▸ Extracted records:
################
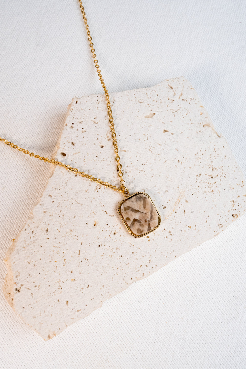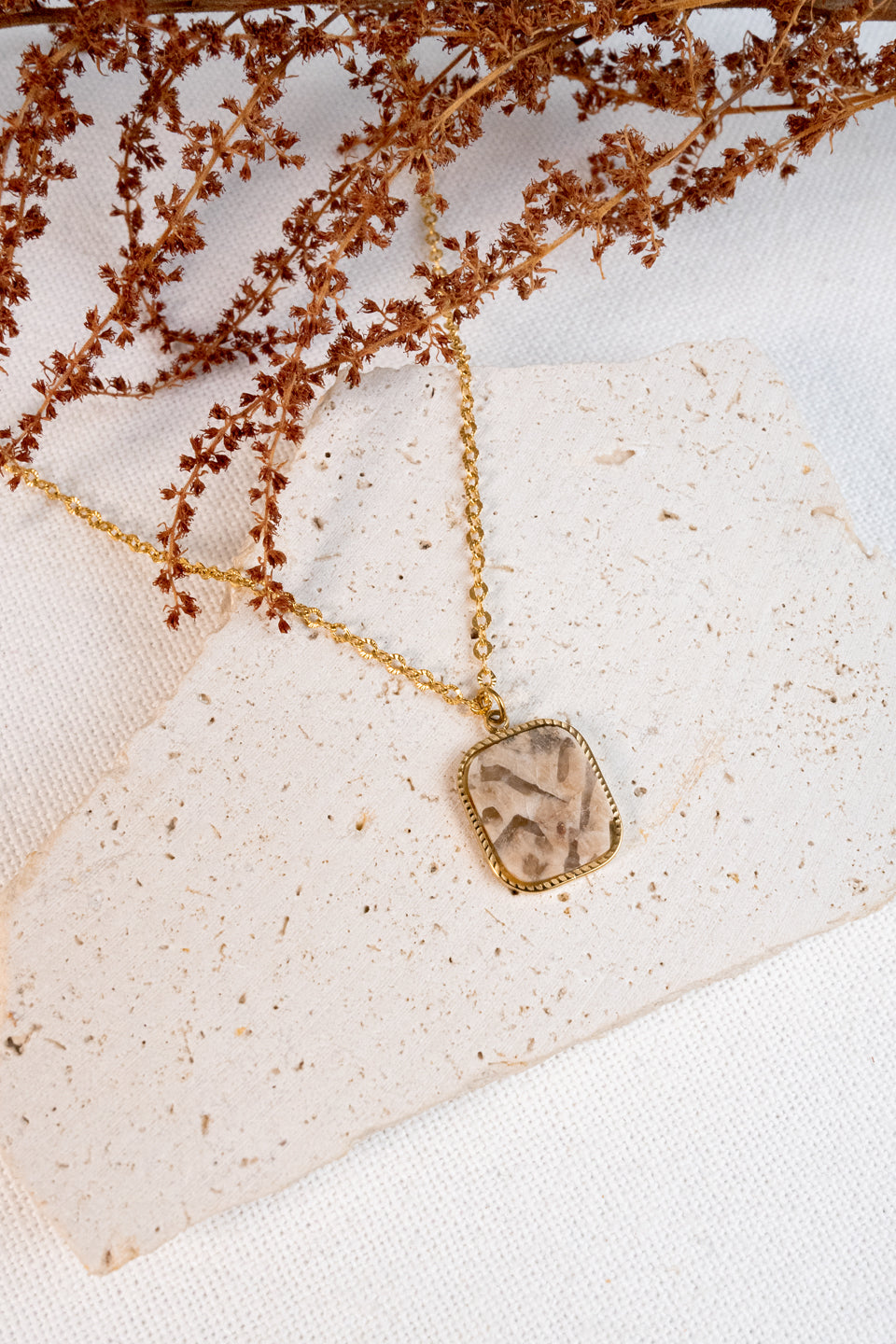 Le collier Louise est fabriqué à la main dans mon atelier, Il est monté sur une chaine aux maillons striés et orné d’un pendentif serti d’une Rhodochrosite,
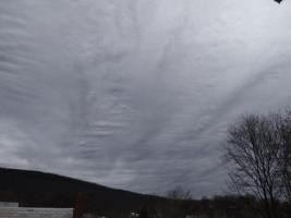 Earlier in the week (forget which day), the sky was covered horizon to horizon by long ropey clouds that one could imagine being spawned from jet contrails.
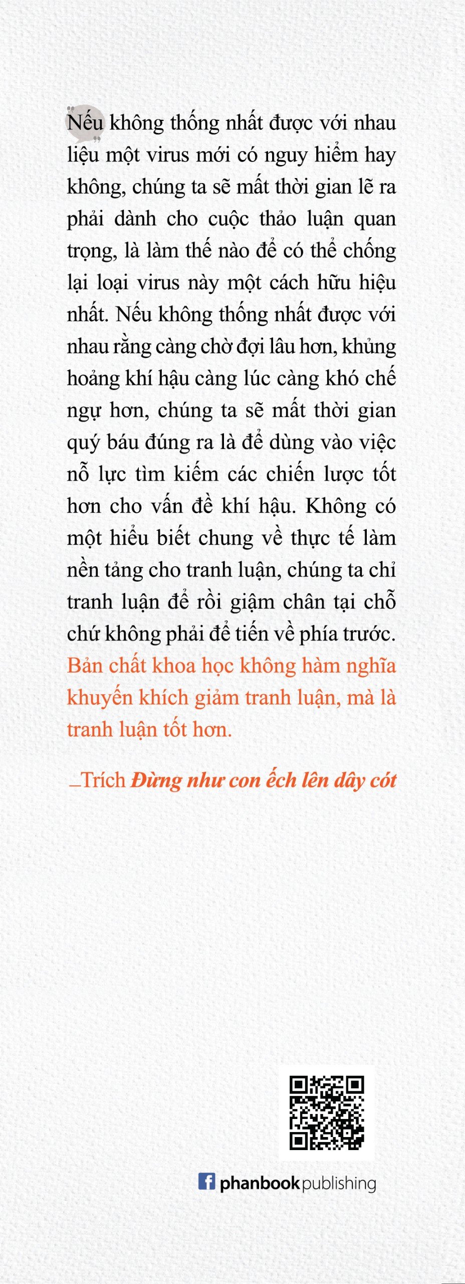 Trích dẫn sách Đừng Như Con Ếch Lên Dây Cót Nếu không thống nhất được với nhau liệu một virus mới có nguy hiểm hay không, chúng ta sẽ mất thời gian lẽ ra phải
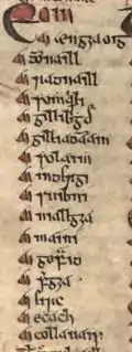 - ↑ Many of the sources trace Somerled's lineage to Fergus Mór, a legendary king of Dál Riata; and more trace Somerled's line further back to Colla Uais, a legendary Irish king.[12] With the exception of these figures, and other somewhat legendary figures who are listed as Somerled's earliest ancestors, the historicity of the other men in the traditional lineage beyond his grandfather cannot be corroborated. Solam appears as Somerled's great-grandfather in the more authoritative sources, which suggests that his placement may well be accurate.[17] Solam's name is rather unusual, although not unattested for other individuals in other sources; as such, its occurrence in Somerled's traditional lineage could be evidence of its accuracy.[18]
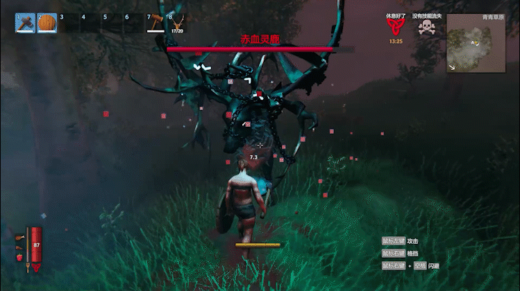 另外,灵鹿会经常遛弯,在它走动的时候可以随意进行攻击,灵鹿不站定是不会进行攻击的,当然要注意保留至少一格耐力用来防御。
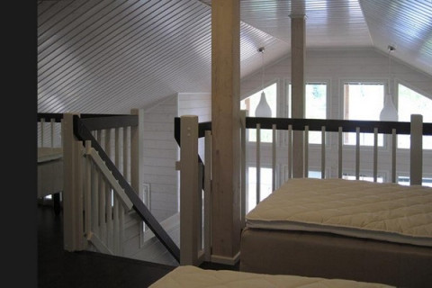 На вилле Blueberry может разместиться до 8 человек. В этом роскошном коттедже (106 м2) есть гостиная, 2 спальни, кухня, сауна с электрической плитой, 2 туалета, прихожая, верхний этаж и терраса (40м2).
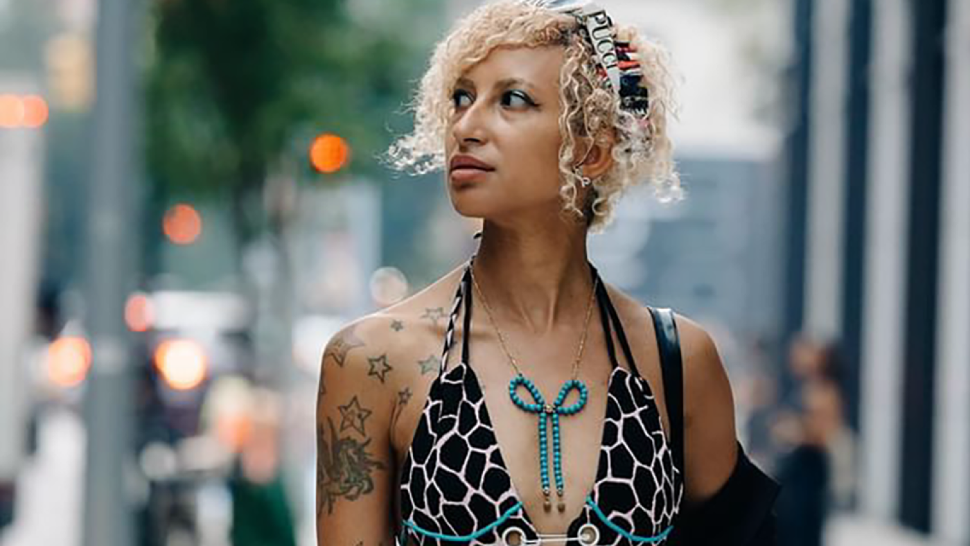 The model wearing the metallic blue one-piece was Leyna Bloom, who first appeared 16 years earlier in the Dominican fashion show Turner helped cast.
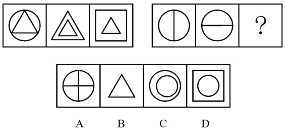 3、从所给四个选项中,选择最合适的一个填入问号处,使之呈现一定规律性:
################
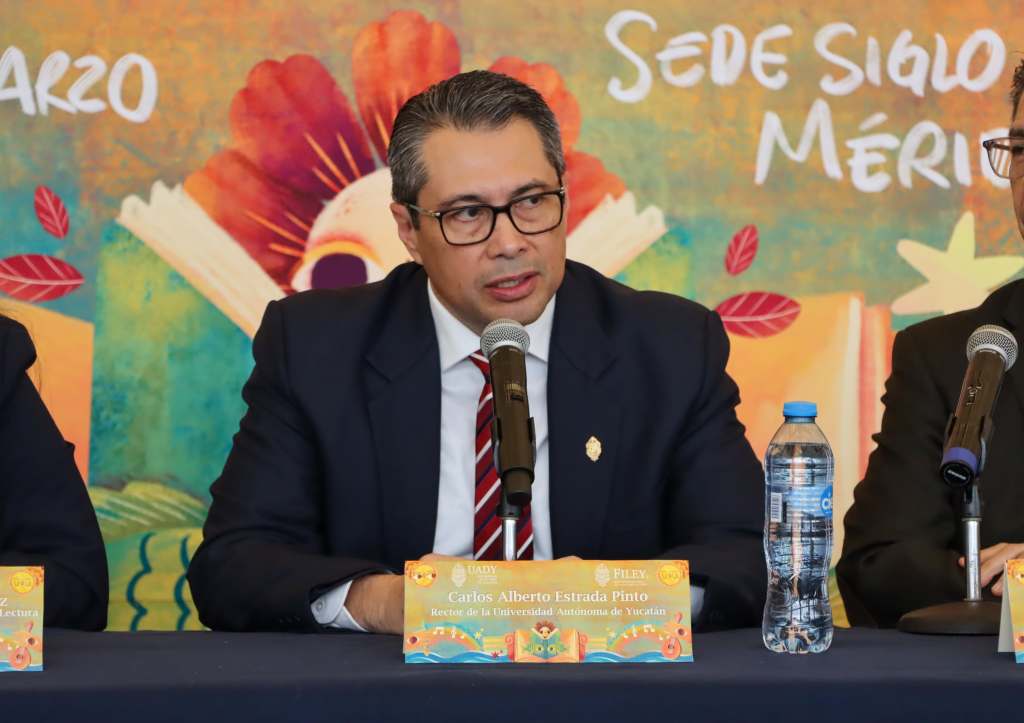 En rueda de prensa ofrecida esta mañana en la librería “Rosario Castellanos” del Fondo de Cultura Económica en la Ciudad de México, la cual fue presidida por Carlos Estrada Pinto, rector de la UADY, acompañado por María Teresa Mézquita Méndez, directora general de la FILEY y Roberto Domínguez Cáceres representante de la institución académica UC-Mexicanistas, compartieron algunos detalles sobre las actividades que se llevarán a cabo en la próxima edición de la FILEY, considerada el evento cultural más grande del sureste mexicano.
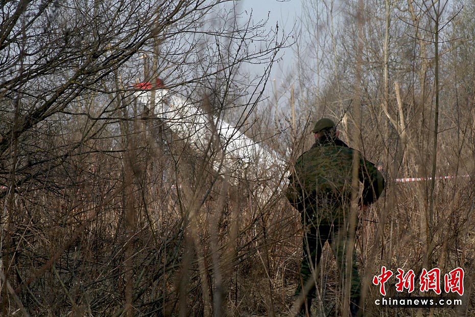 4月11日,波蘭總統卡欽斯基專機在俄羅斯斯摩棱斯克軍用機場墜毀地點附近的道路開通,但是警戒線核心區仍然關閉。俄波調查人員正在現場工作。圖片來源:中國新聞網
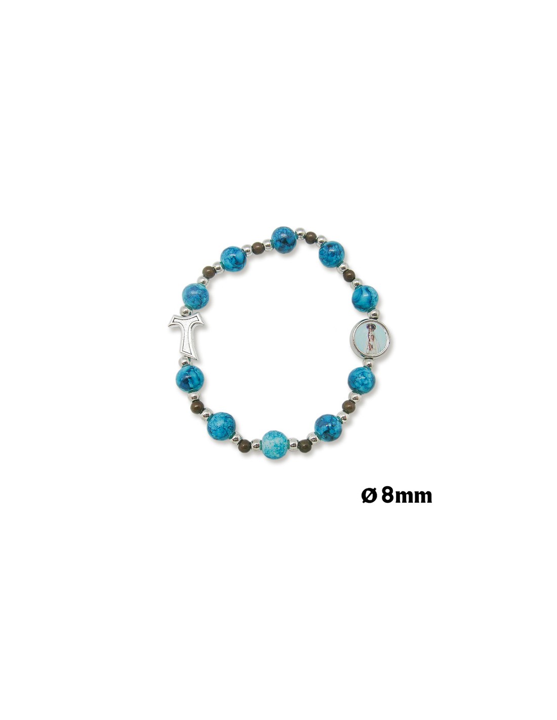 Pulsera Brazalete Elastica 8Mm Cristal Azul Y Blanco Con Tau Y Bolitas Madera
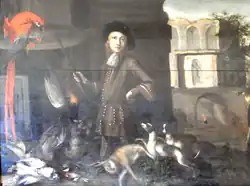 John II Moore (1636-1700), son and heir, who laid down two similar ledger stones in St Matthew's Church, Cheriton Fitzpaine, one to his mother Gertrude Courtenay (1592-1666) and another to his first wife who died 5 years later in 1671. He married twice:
################
▸ Task details: In the entries above, find the line with "Le collier Louise" and the line with "Trích dẫn sách Đừng". Return exactly those lines and all the ones between them, pictures excluded.

▸ Expected answer:
 Le collier Louise est fabriqué à la main dans mon atelier, Il est monté sur une chaine aux maillons striés et orné d’un pendentif serti d’une Rhodochrosite,
 Earlier in the week (forget which day), the sky was covered horizon to horizon by long ropey clouds that one could imagine being spawned from jet contrails.
 Trích dẫn sách Đừng Như Con Ếch Lên Dây Cót Nếu không thống nhất được với nhau liệu một virus mới có nguy hiểm hay không, chúng ta sẽ mất thời gian lẽ ra phải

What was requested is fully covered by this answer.